Entanglement assisted quantum communication protocols

by Amelie Piveteau (Stockholm University)

Thursday 19 Mar 2026, 10:00 → 13:00 Europe/Stockholm

FB55 (AlbaNova Main Building)

Abstract
Quantum entanglement plays a central role in many quantum communication protocols. It allows distant particles to
share correlations beyond the limits of classical interactions. Entanglement is essential for superdense coding, quantum
teleportation, and secure cryptographic key distribution in quantum communication. It is also a pillar for developing
quantum networks, where the management and distribution of entanglement are crucial for connecting distant nodes.
Although perfect entanglement is a sought-after ideal, experimental imperatives, including entanglement distribution over
long distances, often limit the quality of entangled states.

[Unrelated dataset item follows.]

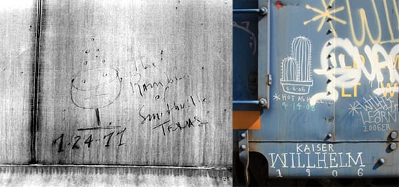 While it’s unclear when this all started, author Jack London does mention seeing these markings on trains in the 1890s. Despite the railroad industry’s claims that train hopping ended in the 1930’s, both train riding and boxcar art not only continue to exist today, but they just keep on getting more and more elaborate.
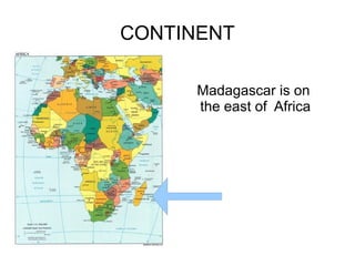 Madagascar is an island country off the southeastern coast of Africa. It has six autonomous provinces with Antananarivo as its capital city. The flag is white, red and green, and French and Malgache are the main languages. Andry Rajoelina has been president since 2009. The currency is the Malagasy ariary and notable monuments include the Azadi tower and Manjakamiadana Palace.

An important question is whether weaker entanglement still
offers advantages.
First, we study more general tasks than dense coding to show that simpler measurements, combined with entanglement,
allow advantageous and sometimes even optimal qubit communication protocols to be obtained. We also demonstrate that
simple measurements can generate quantum correlations that cannot be modelled by two classical communication bits and
can constitute an optimal protocol with quantum resources.
We implement a novel Bell-type inequality tailored for certifying full network non-locality (FNN) to develop
certification methods guaranteeing security on an entanglement-based network. Our experiment uses two pairs of polarised
entangled photons in a network configuration with three nodes, briefly referred to as a bilocal network scenario.
Finally, we show that weakly entangled states can improve communication over a qubit channel using only separate
(local) measurements on isotropic non-steerable two-qubit states, without interference, of individual photons, across two
communication tasks: secret sharing and its stochastic variant.